According to the CDC, if you are fully vaccinated, you can resume activities that you did prior to the pandemic – without wearing a mask or physically distancing, except where required by rules and regulations, including local business and workplace guidance. If you haven’t been vaccinated yet, you can find a vaccine.  See the FAQS at kcmo.gov.

  • Legal Aid of Western Missouri can provide free civil legal services to low-income and vulnerable people who live in Jackson CTY MO. Interested individuals can call 816-474-6750 to apply.
  • Monday Meets: 4 PM, Online event. Hosted by The Willow Domestic Violence Center open to everyone on Facebook Live.
  • MON, June 28th, Noon, No More Excuses Coalition Meeting at the Mohart Center Auditorium, 3200 Wayne, 64109. No Excuses Coalition will meet every 1st & 4th Monday of each month.
  • MON, June 28th, 6 PM Event by Corey’s Network, Inc., Open to anyone. They meet to educate the survivors of homicide on topics that will help ease the stress of losing a loved one. For those who can’t attend the in person sessions, there will be an online link published on Facebook shortly before the meeting starts. In person meet at The City House Meeting Room 2, 14300 E US Highway 40, Kansas City, MO. You may enter the building at the doors to Joy Coffee. Someone will be available to let you in the doors, or you may text 816-834-9161 when you arrive.

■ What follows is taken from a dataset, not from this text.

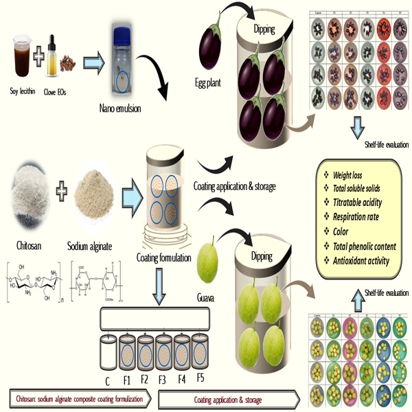 In the present study, effects of chitosan-sodium alginate composite coatings functionalized with clove-soy lecithin nanoemulsion were investigated on the postharvest shelf life and quality characteristics of guava and eggplant fruits at room storage condition (23±3 °C, RH- 60-65 %). The postharvest characteristics such as weight loss, acidity, TSS, respiration rate, antioxidant activity and visual appearance of the fruits were determined up to 12 days of storage. The results revealed that the application of chitosan-sodium alginate composite effective to maintained higher postharvest characteristics of guava and eggplant fruits as compared to control and coating with alone chitosan and sodium alginate. The F3 (50:50, chitosan-sodium alginate) composite coating was found most significant with retarded the weight loss in guava and eggplant. On 12 days of storage, the significantly (p>0.05) lower weight loss (9.24 %, 10.9 %), respiration rate (22.48 mg CO2kg-1h-1, 18.78 mg CO2kg-1h-1), total soluble solids (9.87°Brix, 4.96 °Brix) with higher maintained of titratable acidity (0.49 %, 0.36 %), antioxidant activity (53.745 %, 33.09 %) and total phenolic content (129.74 mg/100g, 49.09 mg/100g), respectively was found in guava and eggplants fruits treated with F3 composite coating formulation followed by F4 and F2 coating formulations. The control (distilled water) samples showed higher weight loss (18.02 %, 21.84 %), TSS (10.78 °Brix, 5.78°Brix), with lower values of acidity (0.29 %, 0.22 %), antioxidant (39.12 %, 23.01 %) and total phenolic content (89.64 mg/100 g, 32.86 mg/100 g), respectively in both guava and eggplant fruits, respectively.

  • THURS, July 1, 6 PM, The Age of Hate: A Candid Discussion with Daryle Lamont Jenkins. This is an online event hosted by ACLU of Missouri and others.  Daryle Lamont Jenkins began tracking hate groups in the United States well before the insurrection at the capitol. You can join to discuss hate groups.   See on Facebook.
  • A list of services, meals, and hot lines are available at blogspot.com.  The list is updated daily.

Please take care of yourselves and others. The Covid-19 pandemic has brought into sharp focus the need for health care reforms that promote universal access to affordable care.  COVID-19 has devastated the U.S. prison and jail population.